- Exercise material:
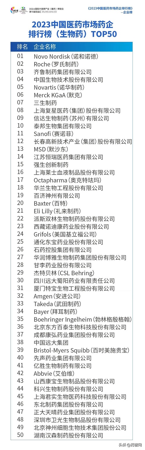 生物药榜:仅统计企业的生物药(生物制品)在医疗机构和药店的销售额,再根据销售额进行企业排名。
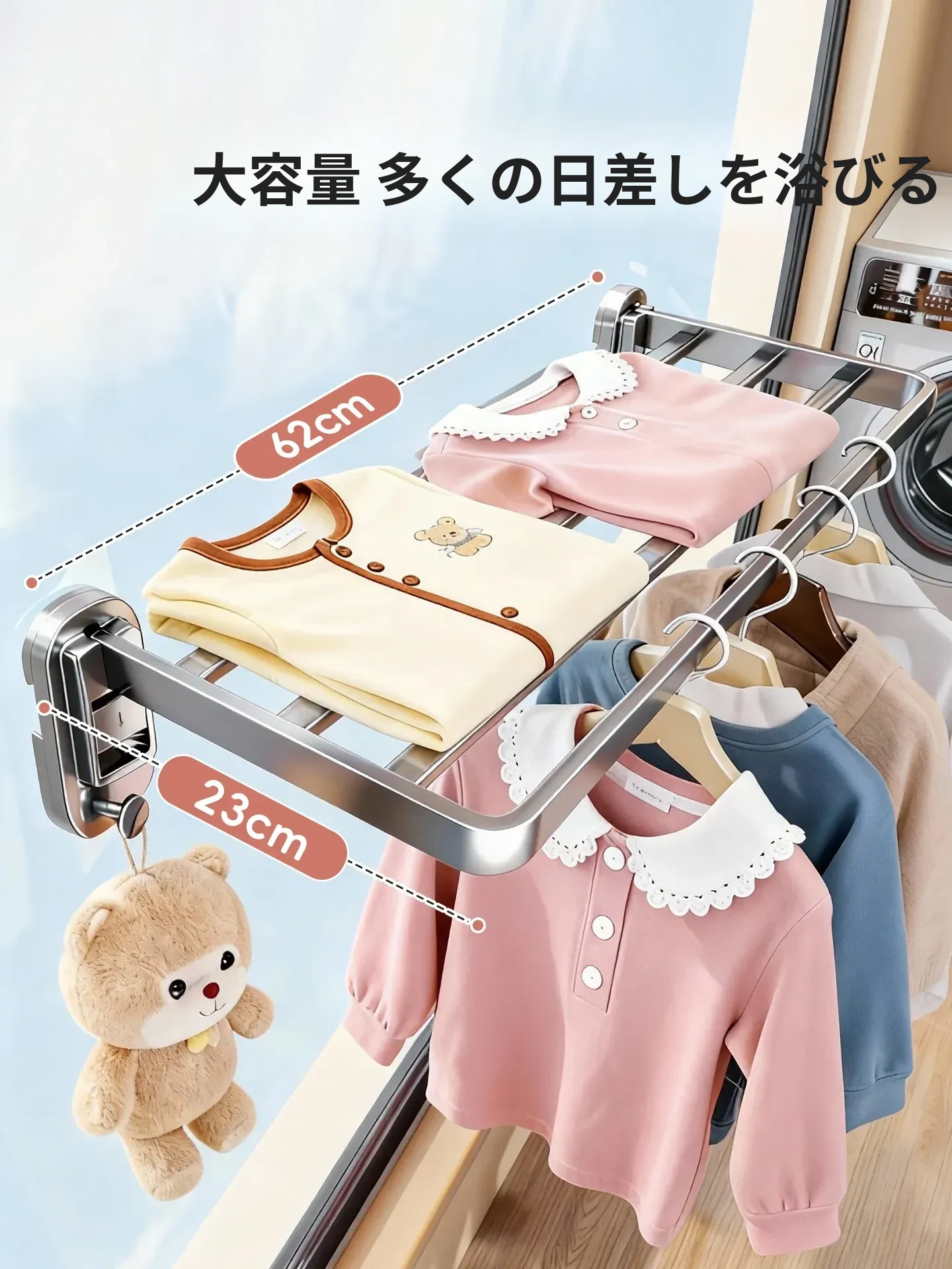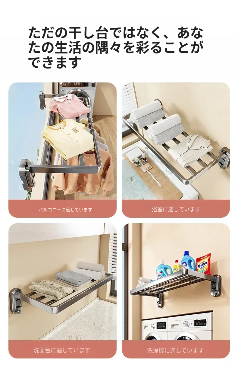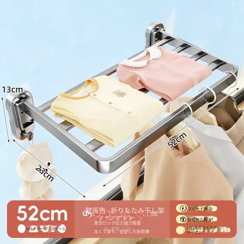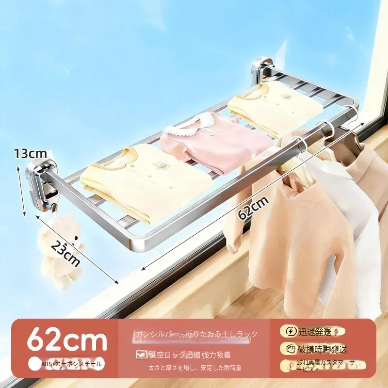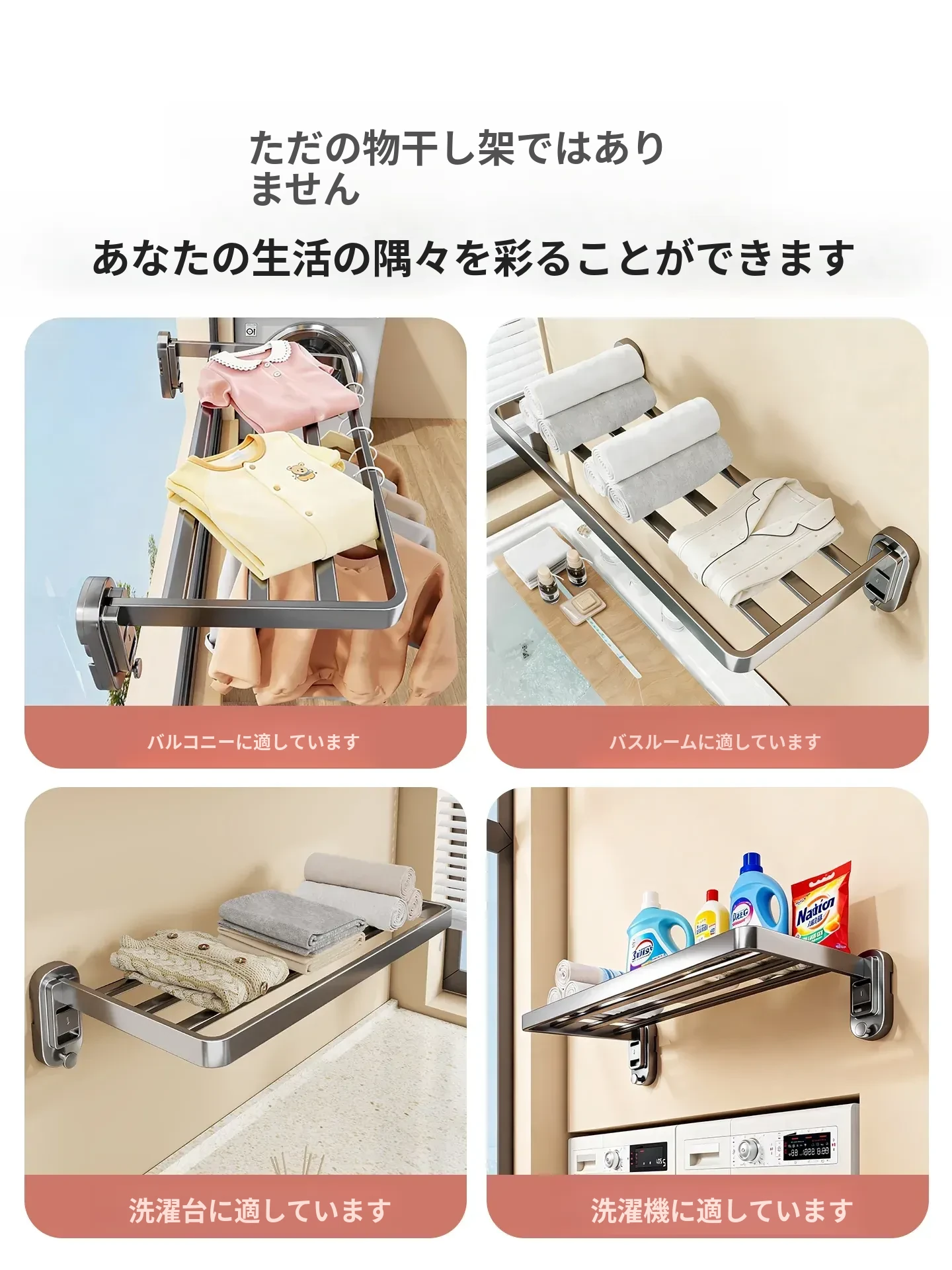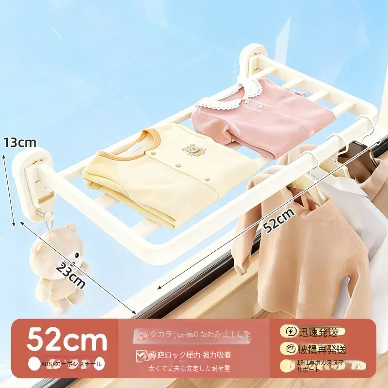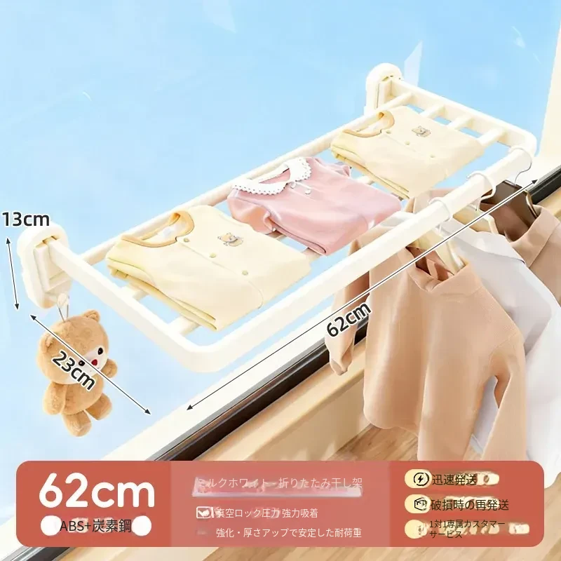 バルコニー専用!穴あけ不要の折りたたみ式衣類乾燥ラック。吸盤式でしっかり固定、便利で省スペースな衣類ハンガー。家庭用に最適な洗濯物干しの必需品!
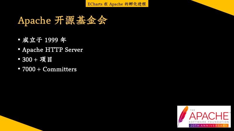 Apache 开源基金会成立于 1999 年,最初的时候就是那个我们很熟悉的 Apache HTTP Server 的项目。至今已经发展了 300 多个项目(含孵化项目),拥有超过 7000 名 Committer。
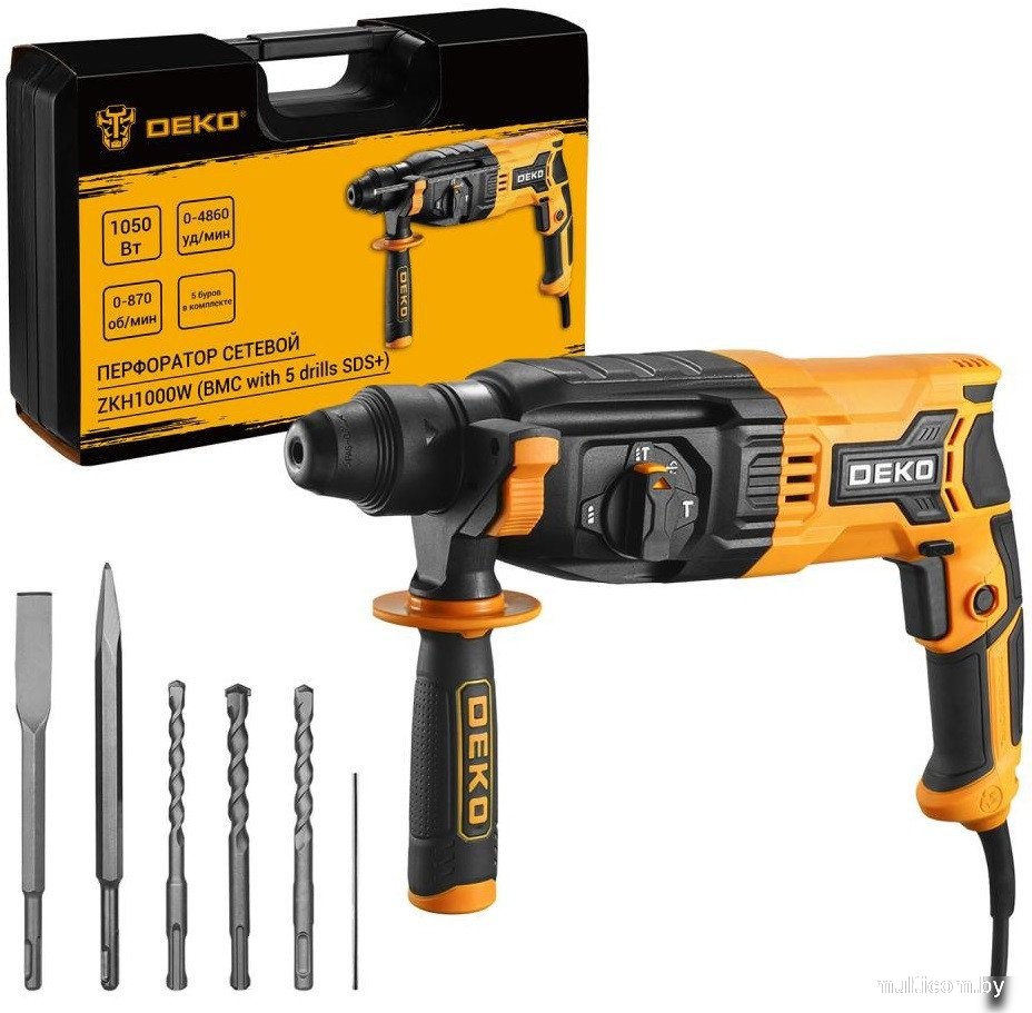 | Информация | Перфоратор сетевой DEKO ZKH1000W предназначен для сверления отверстий в различных материалах (дерево, бетон, кирпич, сталь и т.д. Перфоратор функционирует в трех режимах: сверление, ударное сверление, долбление. Переключение между ними осуществляется при помощи тумблера сбоку на корпусе. |
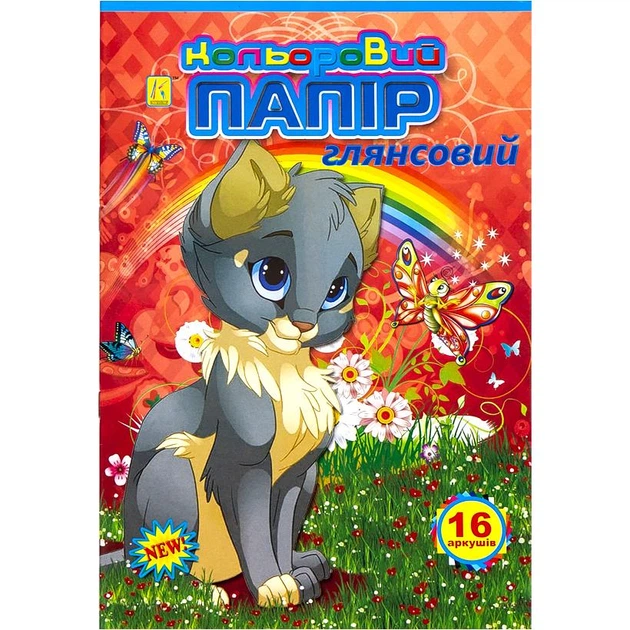 Кольоровий папір А4 глянсовий, 16 аркушів
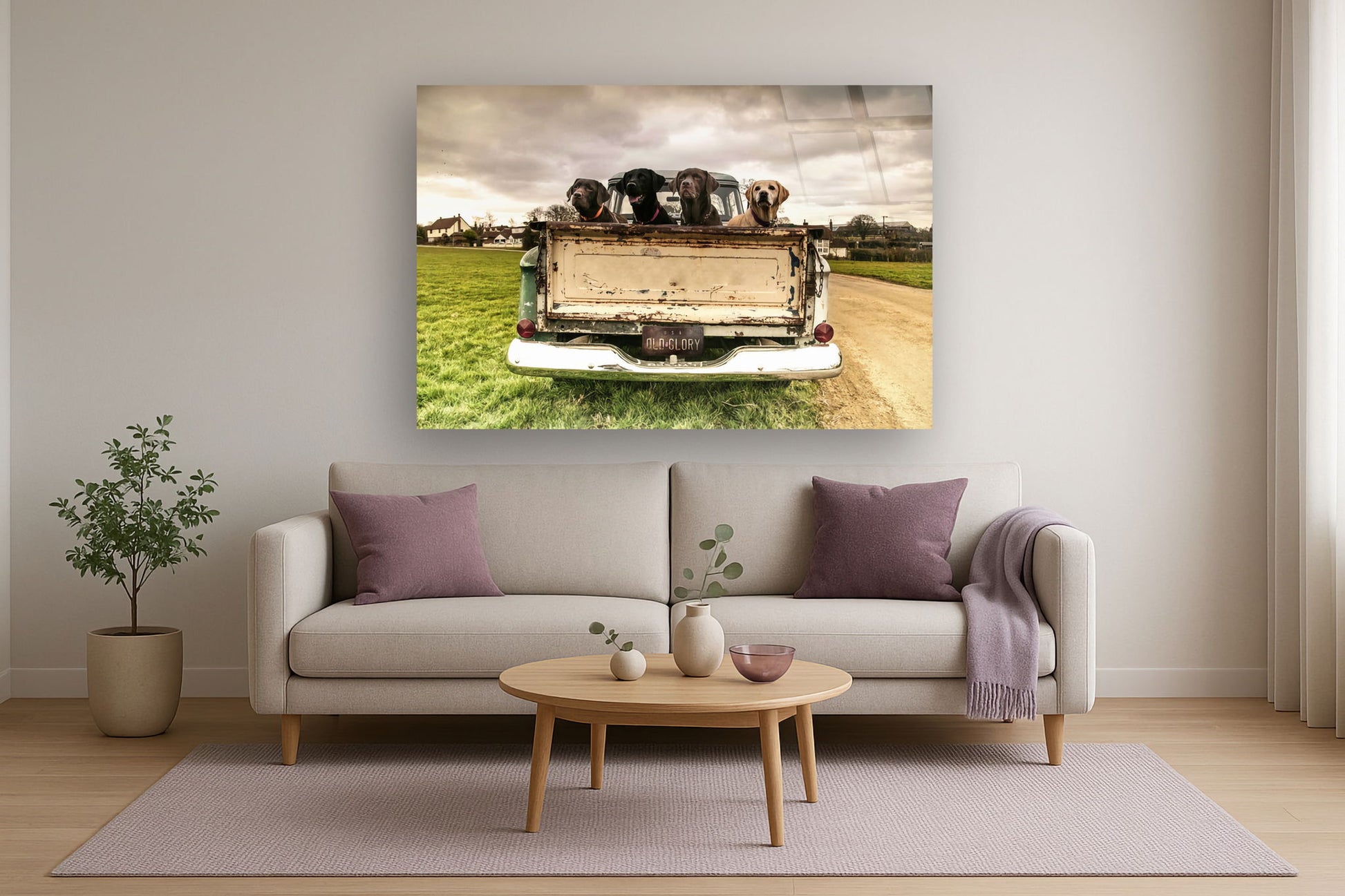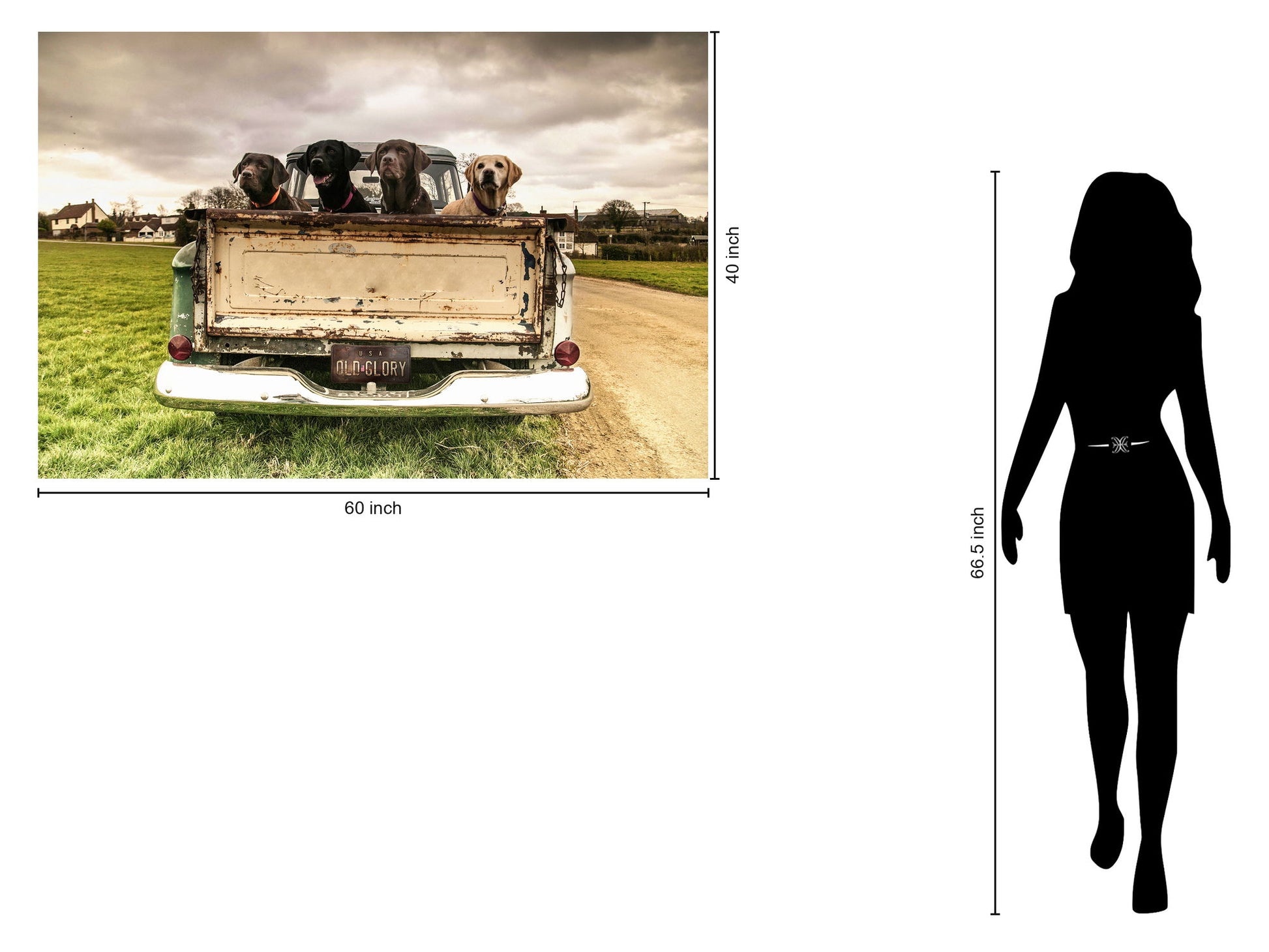 "Old Glory" captures a nostalgic moment with four dogs sitting in the bed of a vintage truck, set against a rustic countryside backdrop. Printed on tempered glass, this piece blends durability with striking visual depth, enhanced by hand-embellished details beneath the glass surface. The artwork’s warm, earthy tones and timeless subject evoke a sense of comfort and Americana charm, making it a perfect addition to living rooms, offices, or dens. Ready to hang with sawtooth hangers, it offers both style and ease for your wall décor while supporting a social cause with every purchase.
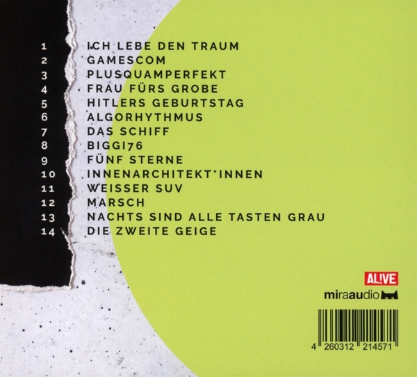 01. "Ich lebe den Traum" 02. "Gamescom" 03. "Plusquamperfekt" 04. "Frau fürs Grobe" 05. "Hitlers Geburtstag" 06. "Algorhythmus" 07. "Das Schiff" 08. "Biggi76" 09. "Fünf Sterne" 10. "Innenarchitekt*innen" 11. "Weißer SUV" 12. "Marsch" 13. "Nachts sind alle Tasten grau" 14. "Die zweite Geige"

- Required work:
In the data above, find the line containing "バルコニー専用!穴あけ不要の" and the line containing "Apache 开源基金会成立于 1999". Copy exactly the stretch from the first through the second, both included, leaving out any picture.

- Response for this exercise:
 バルコニー専用!穴あけ不要の折りたたみ式衣類乾燥ラック。吸盤式でしっかり固定、便利で省スペースな衣類ハンガー。家庭用に最適な洗濯物干しの必需品!
 Apache 开源基金会成立于 1999 年,最初的时候就是那个我们很熟悉的 Apache HTTP Server 的项目。至今已经发展了 300 多个项目(含孵化项目),拥有超过 7000 名 Committer。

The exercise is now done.